Task brief: Exclude the pictures and repeat all of the data exactly.

Information supplied:
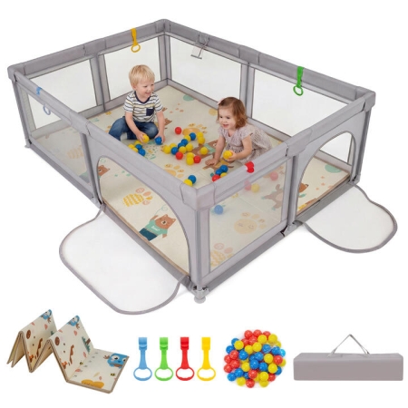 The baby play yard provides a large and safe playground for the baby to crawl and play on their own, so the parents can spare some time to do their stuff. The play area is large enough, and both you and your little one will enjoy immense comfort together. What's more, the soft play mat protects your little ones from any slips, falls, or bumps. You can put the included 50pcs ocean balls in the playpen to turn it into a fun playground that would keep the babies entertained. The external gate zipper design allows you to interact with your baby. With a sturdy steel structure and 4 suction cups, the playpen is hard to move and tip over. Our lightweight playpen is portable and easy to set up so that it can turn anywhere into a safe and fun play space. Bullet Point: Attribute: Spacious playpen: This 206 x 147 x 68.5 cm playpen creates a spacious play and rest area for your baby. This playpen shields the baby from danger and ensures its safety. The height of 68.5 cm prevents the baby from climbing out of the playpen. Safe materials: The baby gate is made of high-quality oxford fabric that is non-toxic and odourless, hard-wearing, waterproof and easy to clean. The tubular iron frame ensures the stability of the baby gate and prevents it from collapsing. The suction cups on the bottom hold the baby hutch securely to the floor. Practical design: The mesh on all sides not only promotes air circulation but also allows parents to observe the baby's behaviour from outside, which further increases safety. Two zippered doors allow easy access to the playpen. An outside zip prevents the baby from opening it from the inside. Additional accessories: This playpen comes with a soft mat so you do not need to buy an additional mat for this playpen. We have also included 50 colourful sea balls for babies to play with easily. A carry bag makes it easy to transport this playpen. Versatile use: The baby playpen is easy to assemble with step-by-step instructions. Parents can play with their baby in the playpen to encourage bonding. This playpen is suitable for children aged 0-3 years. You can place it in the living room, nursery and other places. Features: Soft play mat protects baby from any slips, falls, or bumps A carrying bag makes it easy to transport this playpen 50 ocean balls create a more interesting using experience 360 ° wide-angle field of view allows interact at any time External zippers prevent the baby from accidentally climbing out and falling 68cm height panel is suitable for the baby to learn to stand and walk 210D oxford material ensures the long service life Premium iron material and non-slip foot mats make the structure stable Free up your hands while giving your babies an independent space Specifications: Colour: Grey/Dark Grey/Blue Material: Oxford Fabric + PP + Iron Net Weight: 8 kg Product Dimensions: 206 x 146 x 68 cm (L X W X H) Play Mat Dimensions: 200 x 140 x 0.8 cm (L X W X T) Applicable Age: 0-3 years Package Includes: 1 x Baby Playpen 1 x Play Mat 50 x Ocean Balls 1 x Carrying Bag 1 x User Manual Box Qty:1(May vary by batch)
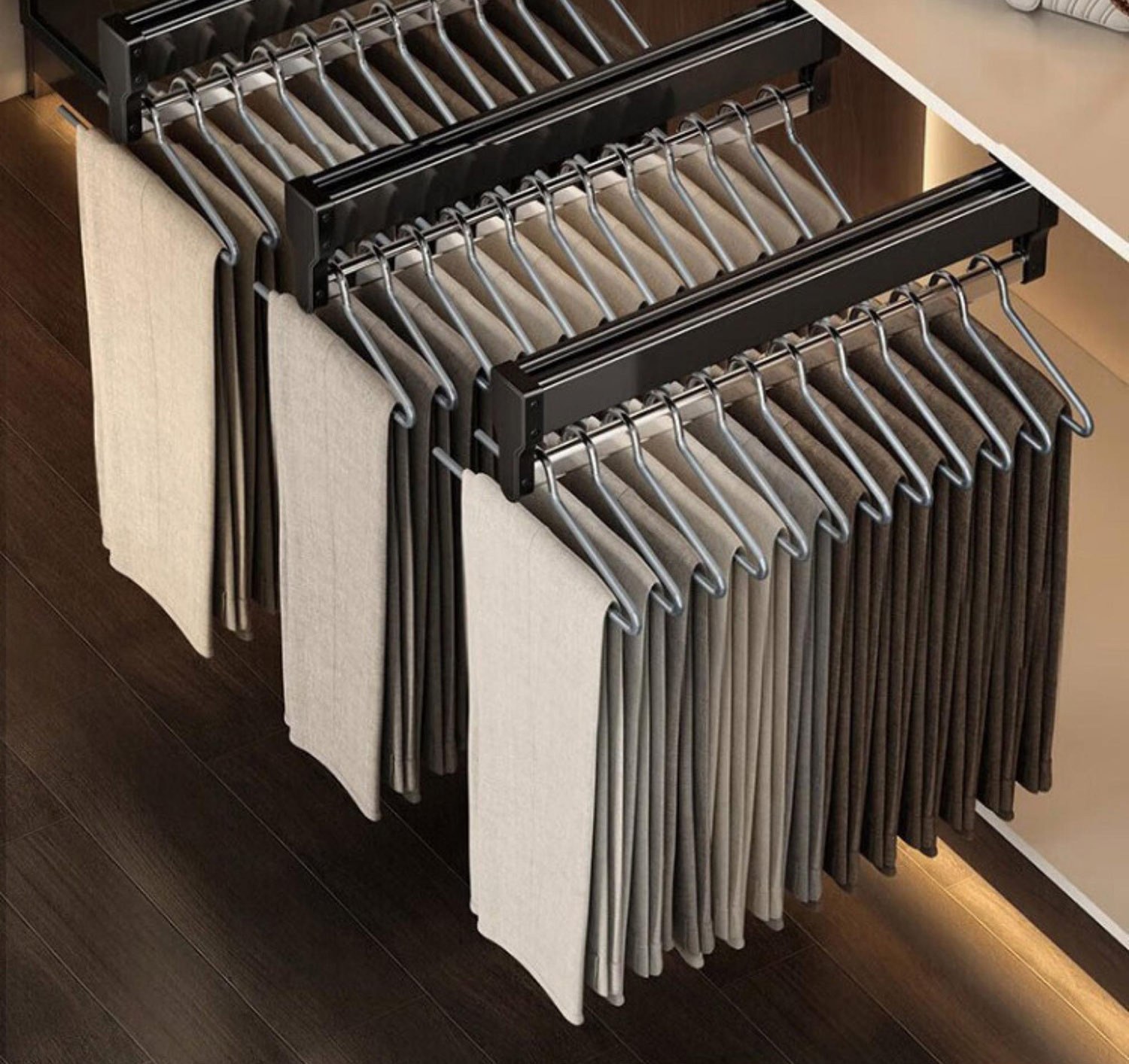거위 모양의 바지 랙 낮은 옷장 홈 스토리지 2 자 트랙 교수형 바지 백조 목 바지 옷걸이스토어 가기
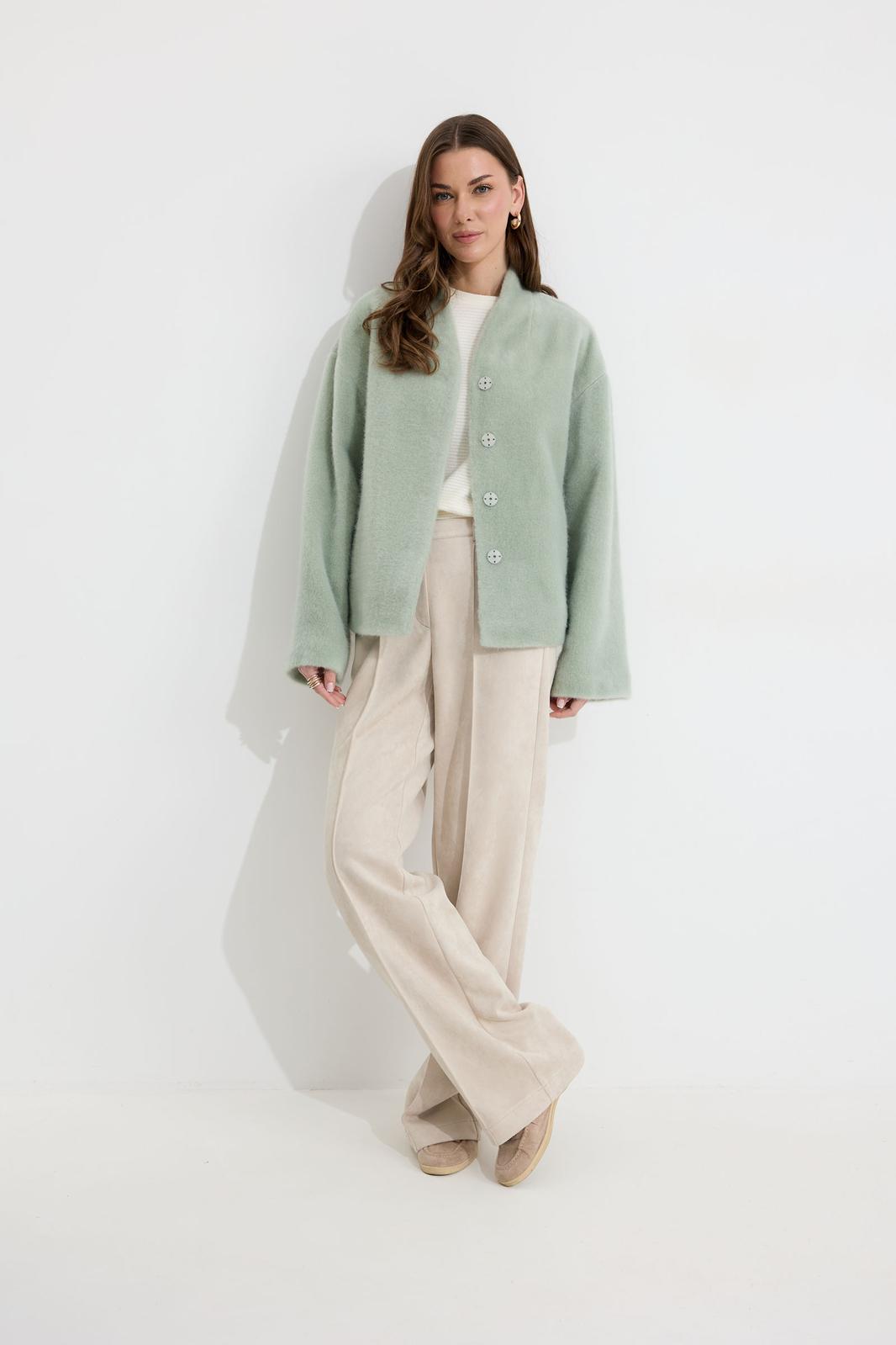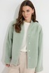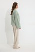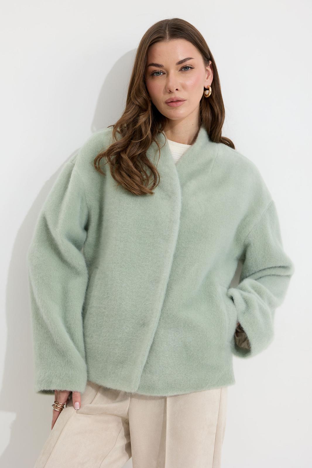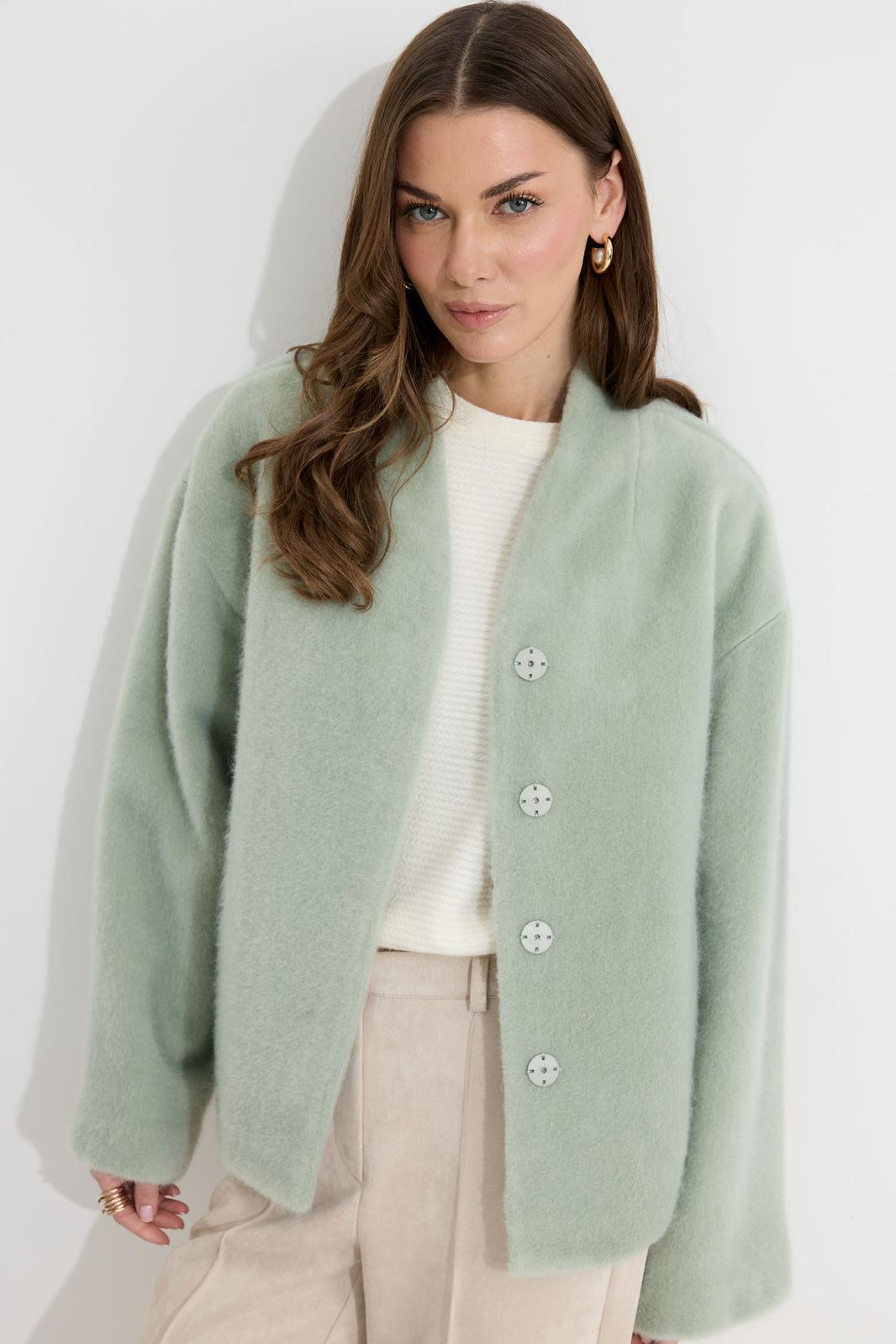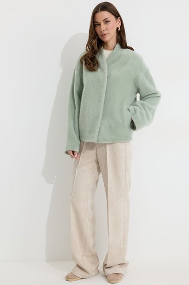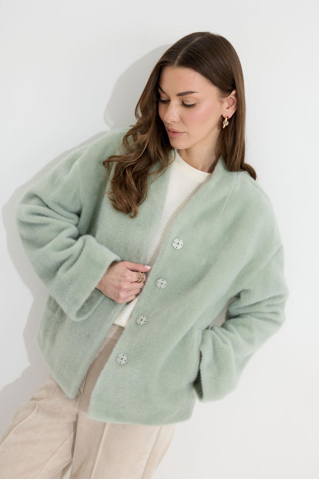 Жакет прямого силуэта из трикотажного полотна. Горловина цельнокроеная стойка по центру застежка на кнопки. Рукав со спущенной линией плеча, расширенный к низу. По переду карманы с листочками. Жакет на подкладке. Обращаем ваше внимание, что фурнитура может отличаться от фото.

Written response:
 The baby play yard provides a large and safe playground for the baby to crawl and play on their own, so the parents can spare some time to do their stuff. The play area is large enough, and both you and your little one will enjoy immense comfort together. What's more, the soft play mat protects your little ones from any slips, falls, or bumps. You can put the included 50pcs ocean balls in the playpen to turn it into a fun playground that would keep the babies entertained. The external gate zipper design allows you to interact with your baby. With a sturdy steel structure and 4 suction cups, the playpen is hard to move and tip over. Our lightweight playpen is portable and easy to set up so that it can turn anywhere into a safe and fun play space. Bullet Point: Attribute: Spacious playpen: This 206 x 147 x 68.5 cm playpen creates a spacious play and rest area for your baby. This playpen shields the baby from danger and ensures its safety. The height of 68.5 cm prevents the baby from climbing out of the playpen. Safe materials: The baby gate is made of high-quality oxford fabric that is non-toxic and odourless, hard-wearing, waterproof and easy to clean. The tubular iron frame ensures the stability of the baby gate and prevents it from collapsing. The suction cups on the bottom hold the baby hutch securely to the floor. Practical design: The mesh on all sides not only promotes air circulation but also allows parents to observe the baby's behaviour from outside, which further increases safety. Two zippered doors allow easy access to the playpen. An outside zip prevents the baby from opening it from the inside. Additional accessories: This playpen comes with a soft mat so you do not need to buy an additional mat for this playpen. We have also included 50 colourful sea balls for babies to play with easily. A carry bag makes it easy to transport this playpen. Versatile use: The baby playpen is easy to assemble with step-by-step instructions. Parents can play with their baby in the playpen to encourage bonding. This playpen is suitable for children aged 0-3 years. You can place it in the living room, nursery and other places. Features: Soft play mat protects baby from any slips, falls, or bumps A carrying bag makes it easy to transport this playpen 50 ocean balls create a more interesting using experience 360 ° wide-angle field of view allows interact at any time External zippers prevent the baby from accidentally climbing out and falling 68cm height panel is suitable for the baby to learn to stand and walk 210D oxford material ensures the long service life Premium iron material and non-slip foot mats make the structure stable Free up your hands while giving your babies an independent space Specifications: Colour: Grey/Dark Grey/Blue Material: Oxford Fabric + PP + Iron Net Weight: 8 kg Product Dimensions: 206 x 146 x 68 cm (L X W X H) Play Mat Dimensions: 200 x 140 x 0.8 cm (L X W X T) Applicable Age: 0-3 years Package Includes: 1 x Baby Playpen 1 x Play Mat 50 x Ocean Balls 1 x Carrying Bag 1 x User Manual Box Qty:1(May vary by batch)
거위 모양의 바지 랙 낮은 옷장 홈 스토리지 2 자 트랙 교수형 바지 백조 목 바지 옷걸이스토어 가기
 Жакет прямого силуэта из трикотажного полотна. Горловина цельнокроеная стойка по центру застежка на кнопки. Рукав со спущенной линией плеча, расширенный к низу. По переду карманы с листочками. Жакет на подкладке. Обращаем ваше внимание, что фурнитура может отличаться от фото.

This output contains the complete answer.